National Pork Producers Council
- Abbreviation: NPPC
- Formation: Tax-exempt since May 1970; 56 years ago
- Type: 501(c)(5)
- Tax ID no.: EIN: 420796455
- Headquarters: Des Moines
- Region served: United States
- Revenue: 26,182,166 USD (2024)
- Expenses: 27,177,778 USD (2024)
- Website: nppc.org

= National Pork Producers Council =

Organization in Washington D.C., United States

The National Pork Producers Council is a trade association representing U.S. pork producers and other industry stakeholders. It lobbies on behalf of its affiliated state associations from its headquarters in Des Moines, Iowa.

==History==
The National Pork Producers Council was formed in 1954 as a 501(c)(3) charitable organization. In 1970, it established itself as a 501(c)(5), a trade association which is allowed to lobby, unlike the previous designation of charitable organization.

On January 1, 1986, it became the national-level recipient of pork checkoff funds.

== Issues ==

According to NPPC's website, its mission is to "fight for legislation and regulations, develop revenue and market opportunities and protect the livelihoods of America’s more than 60,000 pork producers. Public policy priority issues include those relating to animal health and food safety, environment and energy, and international trade."

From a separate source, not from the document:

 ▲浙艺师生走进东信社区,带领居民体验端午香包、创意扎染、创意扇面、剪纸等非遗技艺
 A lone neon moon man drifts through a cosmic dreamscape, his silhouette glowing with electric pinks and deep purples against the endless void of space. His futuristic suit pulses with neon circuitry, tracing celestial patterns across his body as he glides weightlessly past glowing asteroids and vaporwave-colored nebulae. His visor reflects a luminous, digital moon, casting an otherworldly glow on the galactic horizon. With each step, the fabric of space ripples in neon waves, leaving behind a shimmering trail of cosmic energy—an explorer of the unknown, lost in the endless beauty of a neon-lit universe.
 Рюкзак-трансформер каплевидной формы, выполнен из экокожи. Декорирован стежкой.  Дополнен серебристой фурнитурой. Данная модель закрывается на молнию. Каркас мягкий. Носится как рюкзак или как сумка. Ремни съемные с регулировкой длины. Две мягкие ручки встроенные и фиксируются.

Beyond legislation and regulation, NPPC is involved in the political process through a political action committee, PorkPAC. The PAC seeks to educate the public and support candidates at the state and federal levels who support the pork industry.

The NPPC supports a variety of housing systems, including gestation crates and open pen housing, each of which has advantages and disadvantages concerning animal welfare, according to the American Veterinary Medical Association.

NPPC petitioned the Supreme Court of the United States to overturn California's animal protection law Proposition 12, in National Pork Producers Council v. Ross. The court upheld the law.

== Organization ==
NPPC creates ad hoc task forces to study or provide guidance on industry issues. NPPC receives advice and works closely with the meat-packing industry and animal health and feed companies, as well as the National Pork Board. Together, NPPC and NPB have formed joint task forces on certain issues. For example, they worked together in developing the Fat free lean index.